'New Music from Bowling Green' ready for international spotlight

Radio show airing weekly

New-Music

By Rachel Gast 

After what host Brad Cresswell described as "a long, harrowing process," the "New Music from Bowling Green" radio show was ready to launch BGSU musicians into the international spotlight on Oct. 6.

Putting together the show is an "organic process" but is also "a lot of work, time and investment-which is why not a lot of people do it," Cresswell explained. "The fact that we've been able to band together and make it happen is something spectacular.

"Bowling Green State University is the only university I know capable to do a radio show at this level."

He and Dr. Jeffrey Showell, dean of the BGSU College of Musical Arts, agree the stress is worth it. "It's a thrill to know that the two years of work we've put into this series will be heard and appreciated by listeners all over," Showell said.

Cresswell and Showell met in September 2011, both interested in bringing living classical composers to the radio.

Cresswell remembers Showell "wanted to raise the profile of the University using media and new media, and also taking people on the road. . . . So it struck me-why couldn't we do a radio show with Bowling Green?"

The College of Musical Arts has the talent and capability to star in the nationally syndicated 13-episode radio series, he reasoned. The New Music Festival and MidAmerican Center for Contemporary Music, which will provide most of the show's music, each have 30-year histories behind them.

Cresswell lauded BGSU's ability to consistently attract international attention and is eagerly awaiting more international stations to pick up "New Music from Bowling Green."

"Our first international market is Dubai, and we hope to move into other English-speaking foreign countries in 2014," he said.

Listeners from Atlanta to St. Louis will hear music produced by current BGSU students, professors and alumni.

"It's about a 50-50 split between the recordings of the Bowling Green Philharmonia and Wind Symphony and the archives of the New Music Festival," said Cresswell. Three episodes contain the music of Jennifer Higdon, one of BGSU's most successful alumni.

Higdon has won a Pulitzer Prize and Grammy Awards, given a convocation address for the BGSU College of Musical Arts and been honored as one of the most successful BGSU alumni during the University's 100th anniversary celebrations.

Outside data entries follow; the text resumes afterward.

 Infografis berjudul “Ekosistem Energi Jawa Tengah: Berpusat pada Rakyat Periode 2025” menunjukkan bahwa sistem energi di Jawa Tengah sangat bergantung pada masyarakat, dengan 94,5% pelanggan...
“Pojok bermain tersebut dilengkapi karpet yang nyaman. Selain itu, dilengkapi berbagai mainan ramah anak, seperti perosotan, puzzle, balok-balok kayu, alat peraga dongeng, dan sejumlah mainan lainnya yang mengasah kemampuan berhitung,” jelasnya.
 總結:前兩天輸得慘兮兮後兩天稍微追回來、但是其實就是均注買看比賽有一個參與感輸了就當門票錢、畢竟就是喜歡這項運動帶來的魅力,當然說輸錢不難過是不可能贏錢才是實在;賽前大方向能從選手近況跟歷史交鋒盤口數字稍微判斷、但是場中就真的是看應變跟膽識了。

Coming back to BGSU gives Higdon a chance to eat some Myles pizza and hear the "really interesting stuff" coming out of the college, the composer said.

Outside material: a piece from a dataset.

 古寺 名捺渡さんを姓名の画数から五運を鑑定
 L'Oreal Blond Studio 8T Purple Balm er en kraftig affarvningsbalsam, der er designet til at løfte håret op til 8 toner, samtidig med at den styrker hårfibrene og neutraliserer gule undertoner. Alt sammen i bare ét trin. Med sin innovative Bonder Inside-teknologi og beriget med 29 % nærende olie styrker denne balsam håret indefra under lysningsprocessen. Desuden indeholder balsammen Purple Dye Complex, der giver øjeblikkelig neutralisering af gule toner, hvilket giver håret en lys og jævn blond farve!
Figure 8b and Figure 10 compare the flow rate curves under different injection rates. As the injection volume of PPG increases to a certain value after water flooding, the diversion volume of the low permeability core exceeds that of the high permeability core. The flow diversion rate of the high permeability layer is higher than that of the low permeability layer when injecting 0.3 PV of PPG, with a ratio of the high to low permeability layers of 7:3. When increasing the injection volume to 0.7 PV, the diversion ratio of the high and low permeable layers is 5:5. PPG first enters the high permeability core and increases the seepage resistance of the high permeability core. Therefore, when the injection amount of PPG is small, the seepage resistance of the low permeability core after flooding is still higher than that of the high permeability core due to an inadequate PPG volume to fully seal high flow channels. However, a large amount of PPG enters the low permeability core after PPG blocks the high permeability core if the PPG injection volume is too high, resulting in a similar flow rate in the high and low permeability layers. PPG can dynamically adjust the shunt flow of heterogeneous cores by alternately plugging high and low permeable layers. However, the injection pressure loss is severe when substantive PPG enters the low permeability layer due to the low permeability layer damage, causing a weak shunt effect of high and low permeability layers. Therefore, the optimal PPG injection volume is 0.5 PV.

"What BGSU has that most schools don't is the New Music Festival," she noted. "You get to hear a good selection of what's going on around the world."


Jennifer Higdon

All the pieces featured in her three-episode series "have some sort of connection, even if it was remote, to Bowling Green."

Listeners will hear Higdon's love of melody in her compositions along with the "two primary hallmarks of my music: rhythm and a clear pulse."

"Everyone tells me my music sounds very American-I'm not sure what that means, though. I know I would be in trouble having lived in America all my life and I sounded Russian or French," she joked.

Higdon, Cresswell and the College of Musical Arts faculty are excited to hear the program air.

"We are the direct conduit between the composers and listeners," Cresswell explained. "Radio engages your ears, and there's where all this music lives, in the ears of the listener.

"We're doing something different and worthwhile. That's really where the value of presenting new music comes in. … You're taking the genre into the 21st century and beyond."

Listen to "New Music from Bowling Green" every Sunday at 1 p.m. on WGTE 91.3 FM.